Chickens Will Change the Way You See Food
You bring home a chick. And keep her alive for weeks while she grows feathers and gets big enough to move into a coop without a heat lamp. She goes through her gangly ‘teenage’ weeks/months where every day looks like a bad hair day (and only you, her mother (or father) could love her). She grows larger still. And you wait. And wait. One day, 5, 6, 7 months later (whenever she gets around to it), she lays an egg. The household celebrates. You whip out your phone and take a photo of her first egg. Then carry the egg around like a trophy. Finally, you post it on Facebook for everyone to see.
It’s a big deal. Because before then, if you wanted eggs, you hopped in the car and drove to the store and bought some. Now, however, you are connected to the source of eggs. And you nurtured that source for many long months, feeding, fretting, caring for her, before she gave you food.
I can tell you after nearly 10 years of egg collecting, it’s still amazing. I still marvel at the miracle of food and don’t take it for granted. I’m pretty sure it will change you, too. Slowing down and connecting to our food has a way of doing that.
The Coop Doesn’t Need a Heater in the Winter
For the most part, chickens are built for winter and cold weather. They wear down coats, after all. If you live in a super cold area, you might need to take precautions to keep them from getting frost bitten combs, wattles or toes, but heating the coop really isn’t necessary.
Neither are sweaters for your chickens. Just sayin.
Chickens Get Hot
A bigger threat to your chickens is hot weather, not cold. While there are breeds that are more tolerant to heat than others, soaring temperatures are hard on them. Make sure they have lots of cool, fresh water and plenty of places to find shade. Also, a place for dust bathing is important, as that helps cool them down. If I was ever going to stick something in the coop, I’d vote for a fan over a heater. (Also, if hens are too hot, they will often stop laying eggs!) And here are some more ideas to help your flock stay cool in the summer.

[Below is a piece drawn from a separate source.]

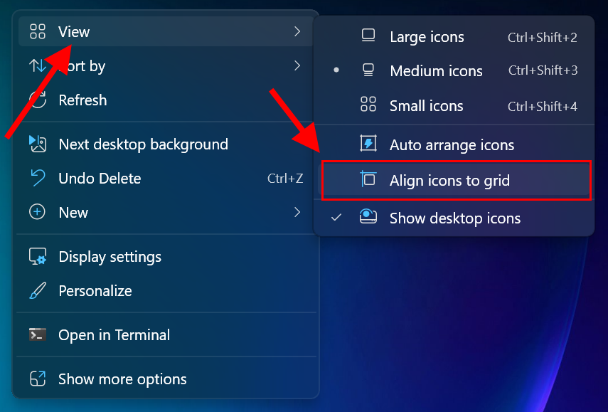- Tích chọn Align icons to grid (Căn biểu tượng theo lưới) để biểu tượng không bị lệch.

Some Food is Toxic to Chickens
Just because we eat it, doesn’t mean they can. For instance, while they love tomatoes, the tomato plant itself is toxic to them. So are avocados, raw potatoes and chocolate, among other things. Here’s a list of food to keep away from your flock.
The same is true for medicine and essential oils for your flock. Be very careful and do your research before applying any product to your chickens (and when you do, remember that they are TINY compared to you so adjust your dosage accordingly).
They Each Have Their Own Personality
Every single one. It’s a blast watching their uniqueness unfold and develop. It’s entertaining, too.
You Will Fall in Love
Consider yourself warned. Your pre-chicken self might not believe it, but it’s true. Chickens are endearing and delightful. And they make breakfast. Owning chickens has changed my life (for the better) and I can’t imagine living without them.
Whew. There you have it: 30 things you should know before you get chickens. Hopefully I haven’t talked you out of them. But, even if I did, that’s all good. If you know what you’re getting into before you take the leap, you’re more likely to have a great experience.